::: SOURCE MATERIAL :::

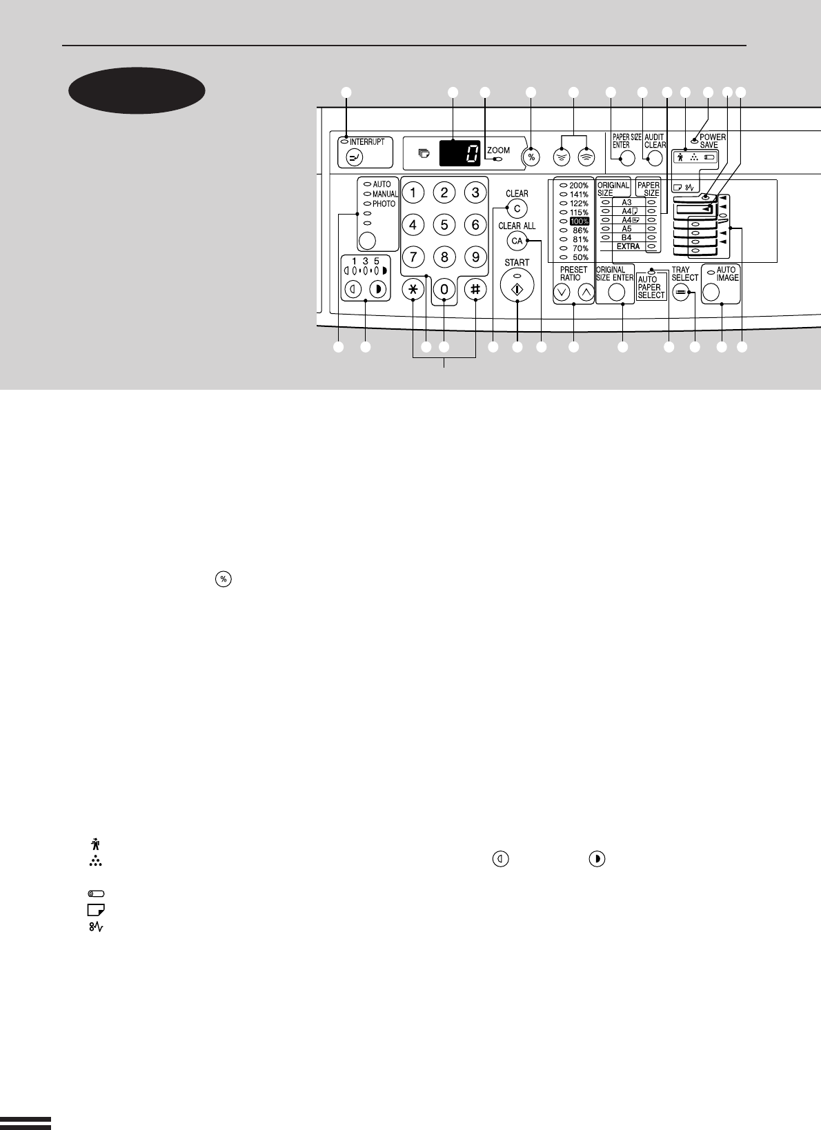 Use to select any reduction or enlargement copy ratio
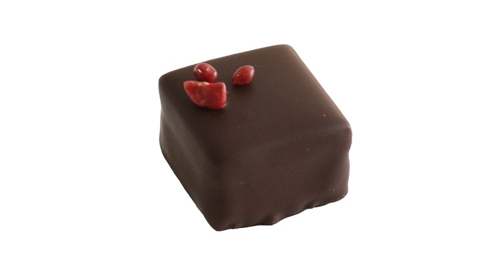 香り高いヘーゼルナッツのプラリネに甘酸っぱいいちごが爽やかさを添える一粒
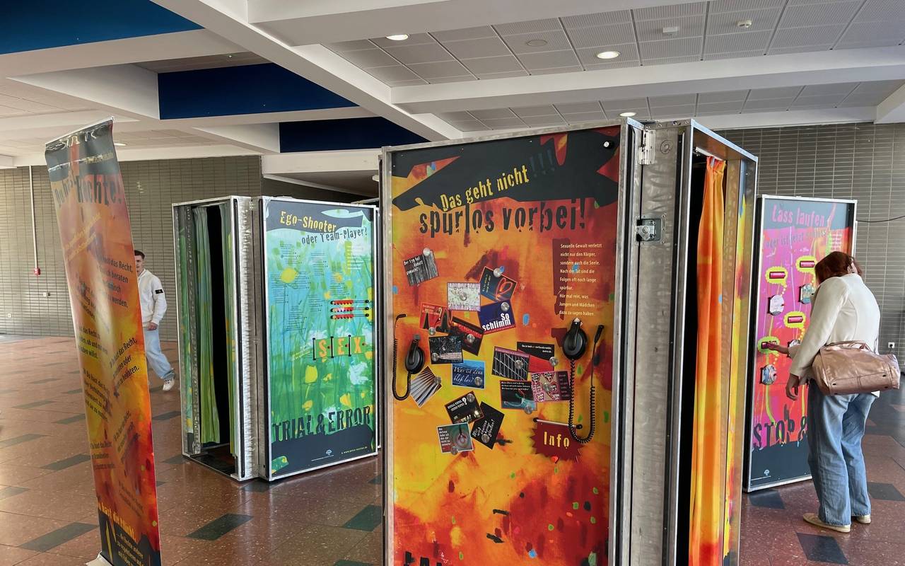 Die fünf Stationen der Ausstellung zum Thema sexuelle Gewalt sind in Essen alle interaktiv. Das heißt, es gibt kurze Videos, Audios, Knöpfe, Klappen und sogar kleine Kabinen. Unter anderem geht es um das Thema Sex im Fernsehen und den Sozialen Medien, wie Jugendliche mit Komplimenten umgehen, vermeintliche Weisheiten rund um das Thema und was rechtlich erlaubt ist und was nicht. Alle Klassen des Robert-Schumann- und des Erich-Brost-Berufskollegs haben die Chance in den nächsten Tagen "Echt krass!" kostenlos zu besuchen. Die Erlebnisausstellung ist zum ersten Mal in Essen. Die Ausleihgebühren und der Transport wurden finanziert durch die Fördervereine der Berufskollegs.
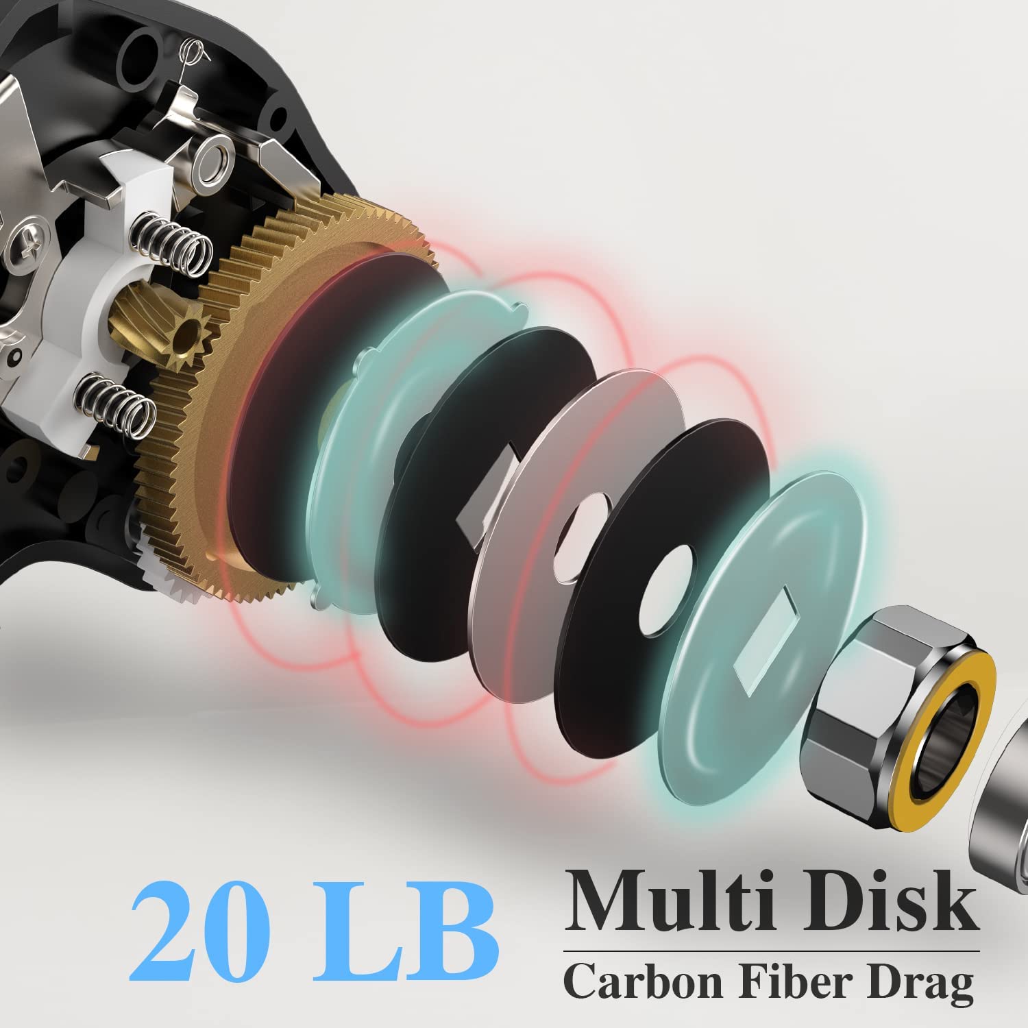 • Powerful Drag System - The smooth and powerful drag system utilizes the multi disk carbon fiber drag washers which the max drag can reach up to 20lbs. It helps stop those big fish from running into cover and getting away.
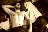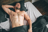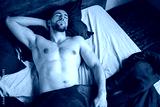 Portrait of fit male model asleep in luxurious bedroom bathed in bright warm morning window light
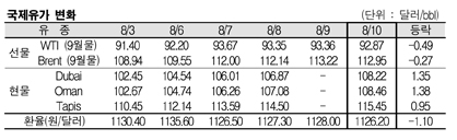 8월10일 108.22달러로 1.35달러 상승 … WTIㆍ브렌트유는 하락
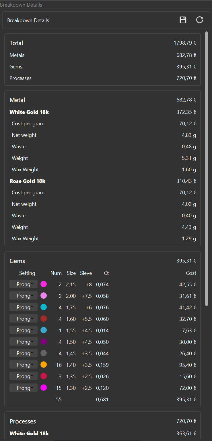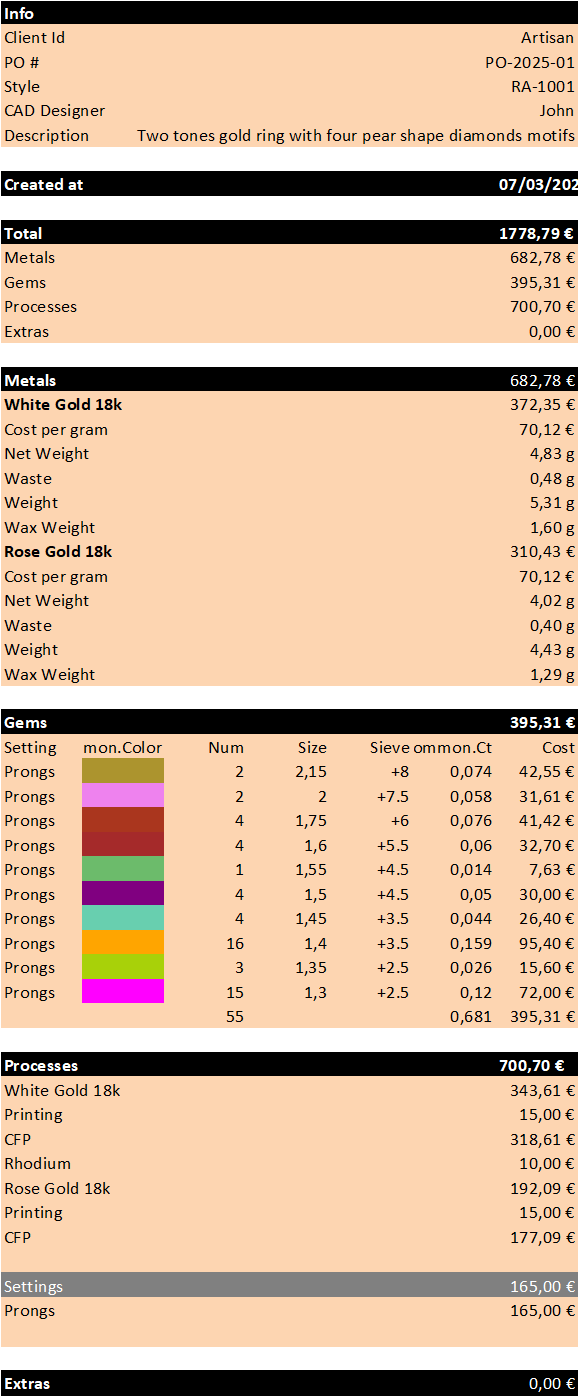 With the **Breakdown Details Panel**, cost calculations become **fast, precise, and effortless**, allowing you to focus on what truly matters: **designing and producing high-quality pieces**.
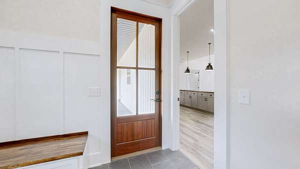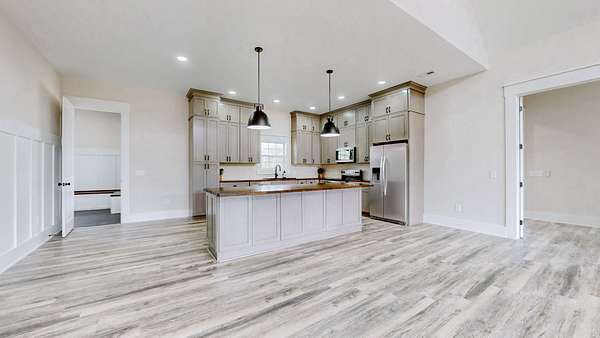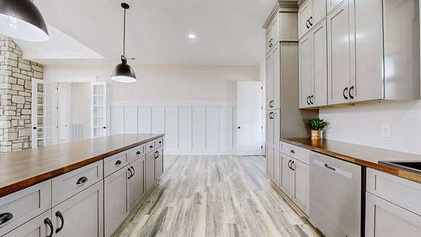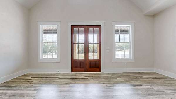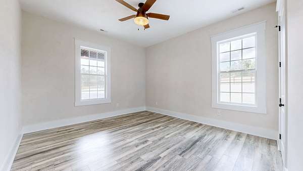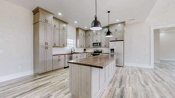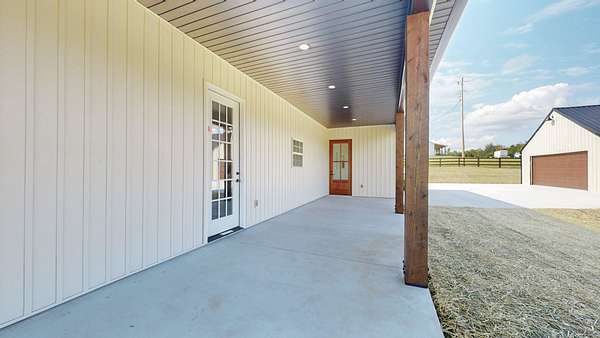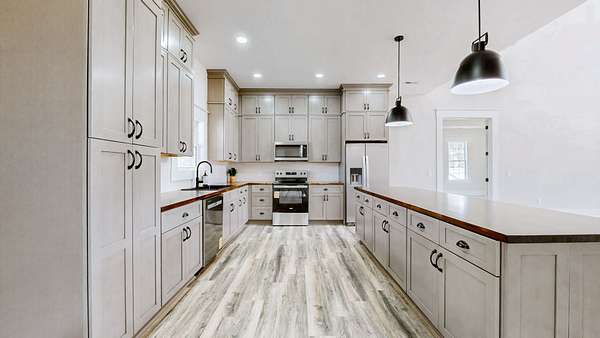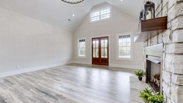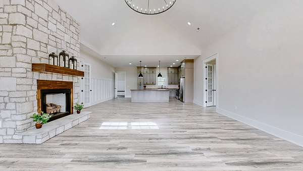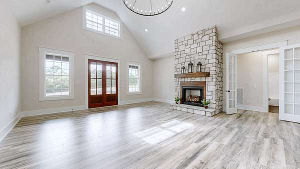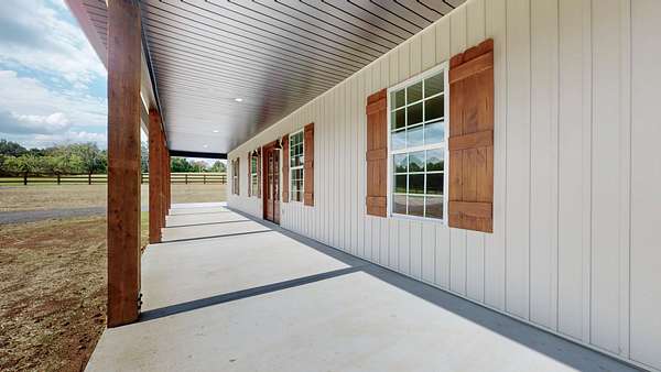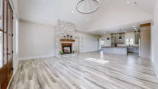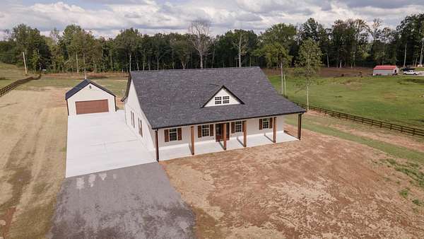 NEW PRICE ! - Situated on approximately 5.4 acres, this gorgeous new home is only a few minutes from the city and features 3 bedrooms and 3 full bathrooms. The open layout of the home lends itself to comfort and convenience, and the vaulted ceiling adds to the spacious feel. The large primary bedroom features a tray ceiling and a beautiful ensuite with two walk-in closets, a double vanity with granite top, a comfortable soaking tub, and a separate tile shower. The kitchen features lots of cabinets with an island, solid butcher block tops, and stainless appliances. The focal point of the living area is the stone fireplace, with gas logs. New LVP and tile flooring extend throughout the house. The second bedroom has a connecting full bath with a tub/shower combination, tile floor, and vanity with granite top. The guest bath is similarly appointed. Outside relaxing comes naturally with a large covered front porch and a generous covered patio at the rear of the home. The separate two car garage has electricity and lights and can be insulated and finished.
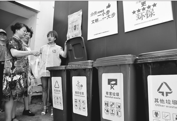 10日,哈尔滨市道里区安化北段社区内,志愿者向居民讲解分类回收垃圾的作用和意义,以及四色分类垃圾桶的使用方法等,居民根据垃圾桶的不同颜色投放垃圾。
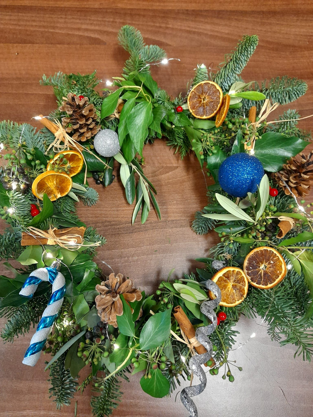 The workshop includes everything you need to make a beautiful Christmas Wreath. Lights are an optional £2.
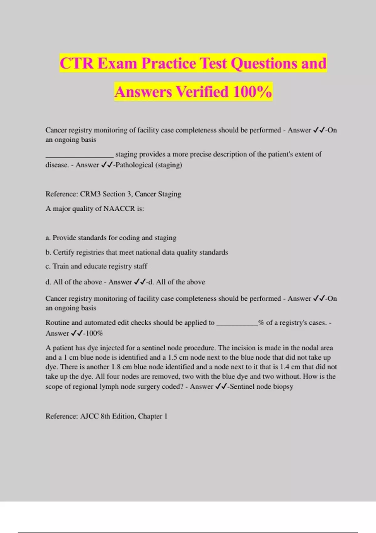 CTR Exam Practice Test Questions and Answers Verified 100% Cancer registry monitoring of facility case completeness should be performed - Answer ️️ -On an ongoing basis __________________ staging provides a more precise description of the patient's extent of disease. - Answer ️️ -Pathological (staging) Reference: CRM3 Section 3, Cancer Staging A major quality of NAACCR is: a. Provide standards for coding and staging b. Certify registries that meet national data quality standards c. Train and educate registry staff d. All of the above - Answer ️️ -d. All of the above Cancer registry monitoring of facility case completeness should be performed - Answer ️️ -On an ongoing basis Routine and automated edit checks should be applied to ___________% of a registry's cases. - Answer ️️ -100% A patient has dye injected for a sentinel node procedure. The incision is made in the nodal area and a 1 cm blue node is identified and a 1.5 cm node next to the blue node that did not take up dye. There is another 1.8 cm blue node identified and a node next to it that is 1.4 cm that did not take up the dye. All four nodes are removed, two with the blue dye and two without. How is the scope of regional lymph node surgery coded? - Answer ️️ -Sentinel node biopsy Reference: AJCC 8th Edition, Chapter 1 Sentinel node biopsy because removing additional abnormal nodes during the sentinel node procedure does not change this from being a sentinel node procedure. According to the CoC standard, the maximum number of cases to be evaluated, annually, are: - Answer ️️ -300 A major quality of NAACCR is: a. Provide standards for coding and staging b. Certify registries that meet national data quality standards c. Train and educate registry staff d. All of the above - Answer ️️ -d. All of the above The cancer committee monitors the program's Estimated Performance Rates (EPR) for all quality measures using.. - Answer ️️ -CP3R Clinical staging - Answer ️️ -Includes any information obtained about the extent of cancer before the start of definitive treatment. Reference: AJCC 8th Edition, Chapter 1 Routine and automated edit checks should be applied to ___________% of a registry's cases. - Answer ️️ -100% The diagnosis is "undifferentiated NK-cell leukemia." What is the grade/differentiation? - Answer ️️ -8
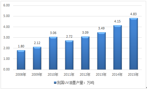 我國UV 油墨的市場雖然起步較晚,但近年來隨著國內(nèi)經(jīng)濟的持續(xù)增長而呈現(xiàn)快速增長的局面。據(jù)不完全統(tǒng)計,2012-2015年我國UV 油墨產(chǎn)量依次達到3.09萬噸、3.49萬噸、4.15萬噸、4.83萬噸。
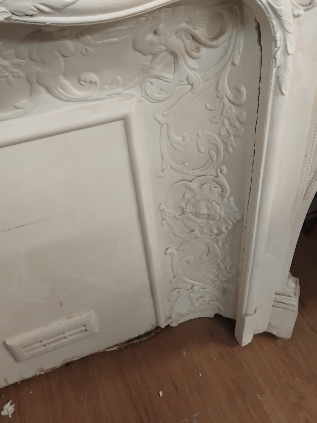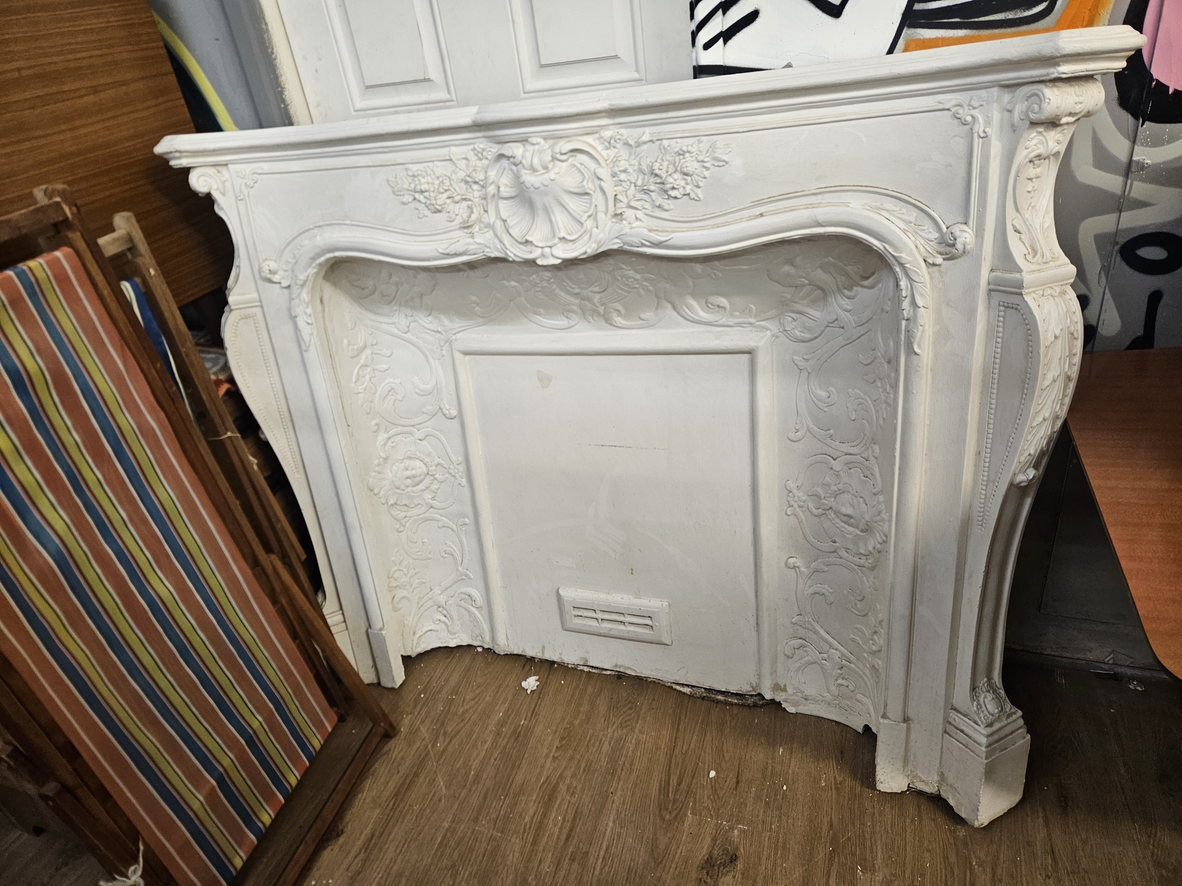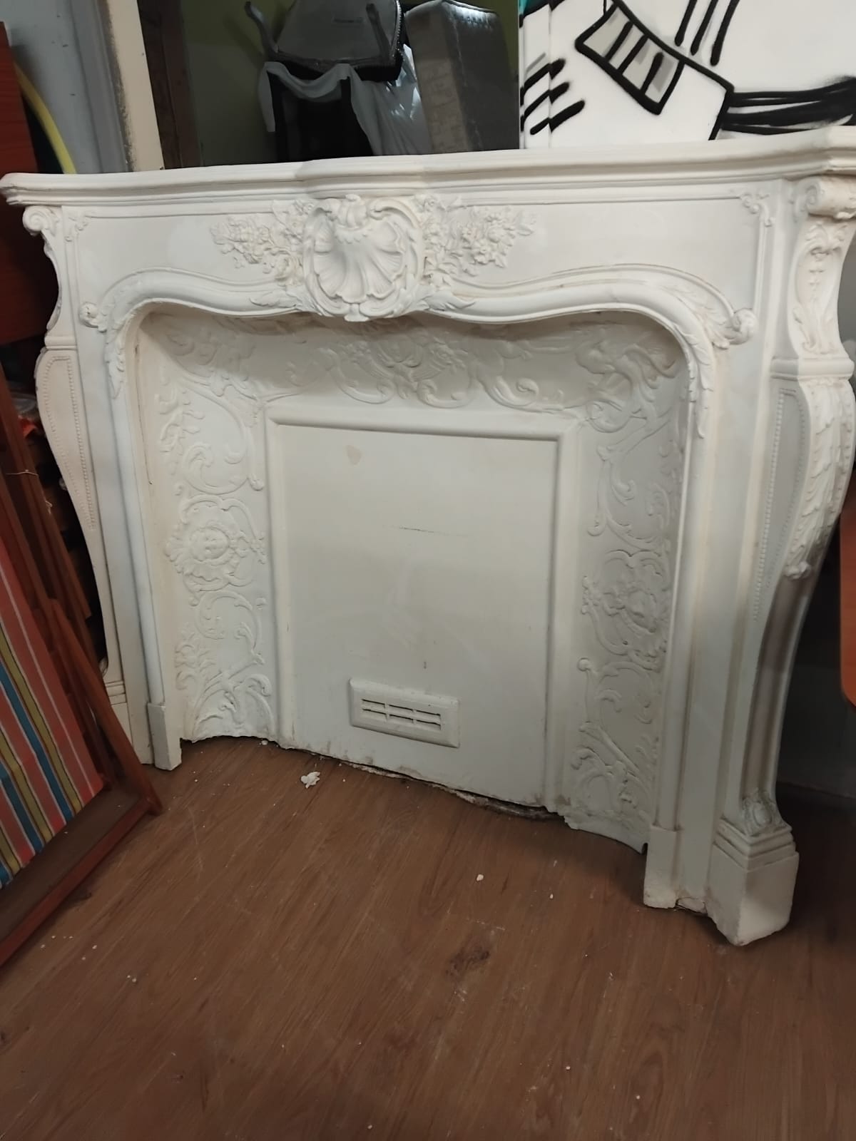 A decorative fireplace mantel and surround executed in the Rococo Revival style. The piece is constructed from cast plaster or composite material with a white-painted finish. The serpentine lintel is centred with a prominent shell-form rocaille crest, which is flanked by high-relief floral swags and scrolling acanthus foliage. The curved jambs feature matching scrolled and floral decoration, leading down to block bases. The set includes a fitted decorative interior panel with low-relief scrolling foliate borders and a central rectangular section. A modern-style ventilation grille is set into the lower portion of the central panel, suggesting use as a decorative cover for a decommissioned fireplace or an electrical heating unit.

:::

TASK DETAILS -> Pictures excluded, copy the lines exactly from where the material starts to the line with "香り高いヘーゼルナッツのプラリネに甘酸っぱいいちごが爽やかさを添える一粒", inclusive.

WRITTEN RESPONSE ->
 Use to select any reduction or enlargement copy ratio
 香り高いヘーゼルナッツのプラリネに甘酸っぱいいちごが爽やかさを添える一粒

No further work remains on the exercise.